The duke's laugher made her shiver.
"What should I do with you, then Miss Waterstone? You have betrayed your country and my bed. Did you imagine I might save your pretty neck from the hangman's noose because of the tender passions we shared?"
Elizabeth tried to speak and found that she had too little command over her voice. The duke yanked her to her feet. He placed a finger under her chin and tilted her head back until her eyes met his.
"You may be sure that I will be speaking to your friend, Jack Llewelyn, anyway. Tell him it would not be wise to leave Mr. Forester's house until he has seen me." The duke removed Elizabeth's spectacles and closed her cold fingers around them. "You never duped me, Elizabeth. I knew what you were from the beginning and I indulged you because it amused me."
The duke stepped away so abruptly that Elizabeth grabbed at the chair for support. He turned to his desk, stuffed her scattered possessions back into her reticule, and tossed it to her. Then he strode toward the door and flung it wide.
At the bottom of the staircase she could just make out a pile of luggage stacked on the marble floor.
"Get out, Elizabeth. If you try to come back I will have Standish set the Runners on you."
Elizabeth elevated her chin and walked past him, her reticule clutched to her chest. Ignoring the luggage, she headed straight for the front door, which Standish hastily flung open for her. A dense curtain of rain greeted her but she paid it no heed as she picked up her skirts and descended the slippery steps.
A shout behind her made her pause but she refused to turn back. Nicholas appeared at her elbow, her bonnet and cloak in his hands.
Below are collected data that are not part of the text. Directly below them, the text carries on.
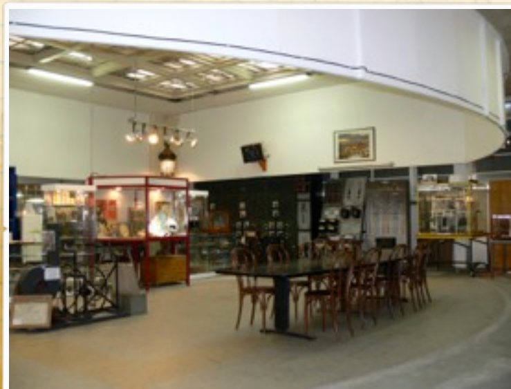
La salle d'exposition de St Ouen au 01/04/2009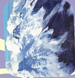
Nevado de Ruiz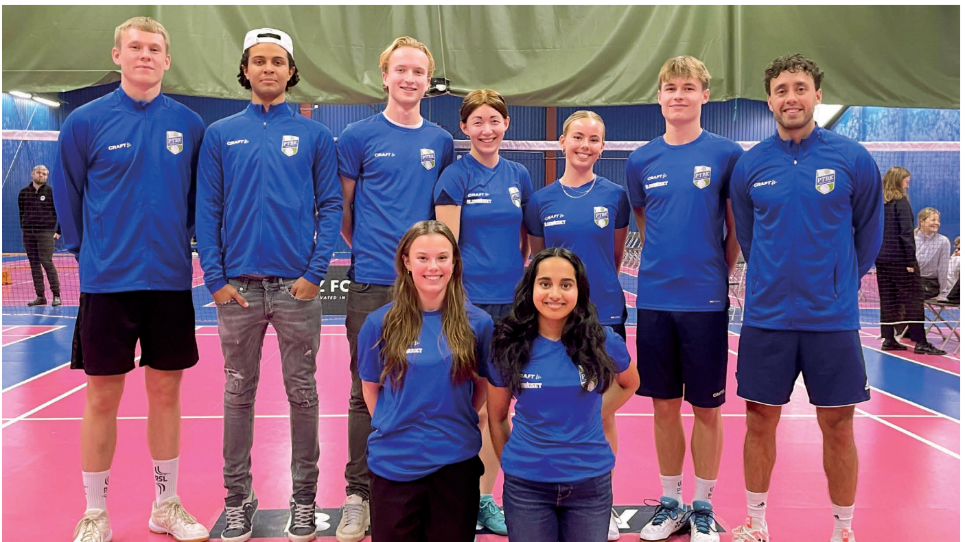
A-laget i badminton inför match i Badmintonligan.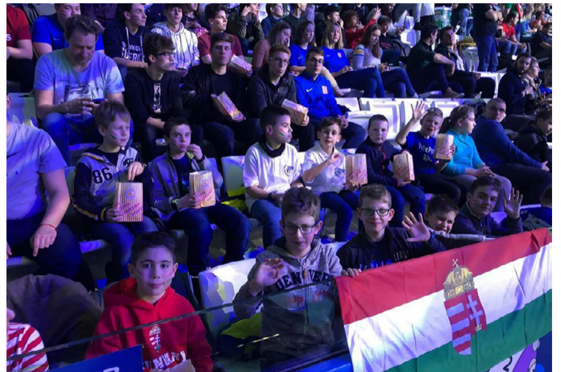
Az első két sorban a „kiscápák” integetnek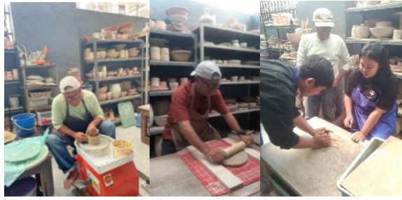
Gambar 3. Teknik berkarya tableware secara manual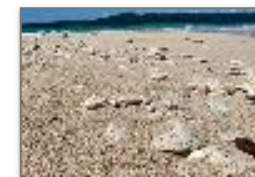
Coralli e conchiglie Nosy Fanihy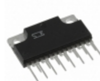
SLA5065 LF830 Sanken MOSFET 4N-CH 60V 7A 15-SIP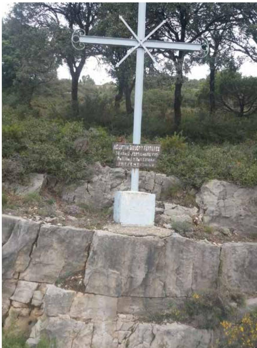
Fotografia Creu de ferro.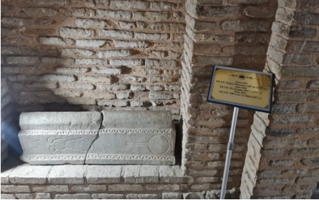
Fotoğraf 9: Mangıstav bölgesinde yer alan bir kabir taşı [Kaynak: Tasmağambetov 2002: 280].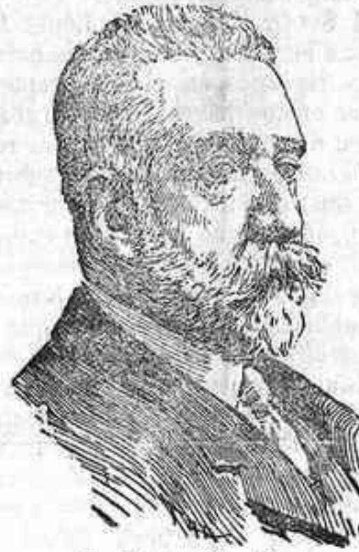
Sr. Ramos Carrión.

Siempre fué el insigne autor de La Marsellesa , de Los sobrinos del capitán Grant y de otras muchas producciones que en todos los tiempos se escucharan con gusto, maestro en el difícil arte de urdir una fábula interesante, hábilmente salpicada por un ingenio oportuno y fresco y cuyo desarrollo ofrecía al compositor repetidas ocasiones para poner á prueba su inspiración; y dada tal maestría, era de esperar que su última obra, Pepe Botellas , obtuviera el éxito franco que ha obtenido la noche de su estreno en el teatro de la Zarzuela.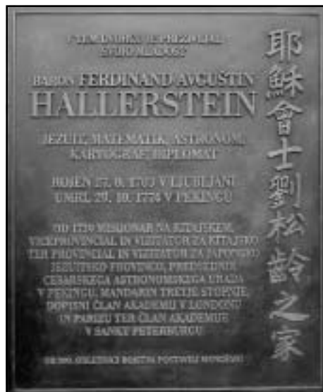
Bronasta spominska plošča A. Hallersteinu na Zgornjem ali Ravbarjevem gradu v Mengšu, ki jo je v počastitev 300. obletnice njegovega rojstva postavil Muzej Mengeš, da zapolni eno od pomembnih vrzeli v slovenski kulturni in znanstveni zgodovini.

obiskati Mengeš in si ogledati Hallersteinovo spominsko ploščo na njegovem domu. Sprejema v Levu smo se udeležili skupaj z lastnikom firme SimpS, ki je zelo pomemben sponzor Muzeja Mengeš. Vzpostavljati pomembne gospodarske stike z drugimi državami je gotovo sestavni del dejavnosti kulturnih institucij še posebno pa, če to gospodarstvo s kulturnimi institucijami sodeluje. Muzej Mengeš uresničuje take programe, ki tako kvalitetne mednarodne stike omogoča. Na sprejemu smo poleg predvidenega protokola bili deležni še posebne pozornosti. Sprejel nas je posebej veleposlanik s sodelavci,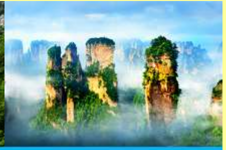
ภูเขาอวตาร

โปรแกรมเสริมที่ 2 โปรแกรมเที่ยวชมอุทยานภูเขาอวตารแบบครึ่งวันที่รวมค่าขึ้นลิฟท์แก้ว (ผู้เข้าร่วมขั้นต่ำ 15 ท่าน) ใช้เวลาประมาณ 4-6 ชั่วโมง (ขึ้นอยู่กับจำนวนนักท่องเที่ยวในแต่ละวัน) อัตราค่าบริการท่านละ 750 หยวนหรือ 3,750 บาท นำท่านเที่ยวชมจุดชมวิวลำธารจินเปียนซีที่สามารถมองเห็นวิวยอดเขาอวตารได้ชัดเจน นำท่านเที่ยวชมจุดชมวิวดู ฉ ลานชมวิวน้ำลิฟท์แก้วไปหลังที่สามารถมองเห็นทัศนียภาพของภูเขาอวตารและ ลิฟท์แก้วได้ชัดเจน นำท่านขึ้นลิฟท์แก้วขึ้นสู่ยอดเขาอวตาร นำท่านเดินชมจุดชมวิวดูต่าง ๆ บนยอดเขาอวตาร ได้แก่ภูเขาฮาเลลูย่า สะพานหนึ่งโนได้หล้า... อัตราค่าบริการรวม ค่าบัตรเข้าอุทยาน ค่ารถรับส่งภายในเขตอุ ทยาน ค่าน้ำดื่มของไกด์ท้องถิ่น

Wordlessly, he thrust them at her and she tried to smile.
She waited until the door of the mansion slammed behind him before opening her fingers to reveal the shards of glass in her hand from her crushed spectacles. Ignoring the blood that streamed down her fingers, she put on her bonnet and cloak and set off.
The duke stood silhouetted at the window as she trudged along the pavement. She was fiercely glad the rain masked the tears that fell unheeded from her eyes.
*** *** ***
Eventually, when her feet were so cold and wet that she could no longer feel them, Elizabeth wandered into Hyde Park and sank down on a sheltered bench under a group of willow trees. The park was deserted. The fashionable crowd who usually frequented it on an afternoon during the Season had all disappeared.
Her stomach growled, reminding her of the many fruitless hours that had passed since her dismissal by the duke.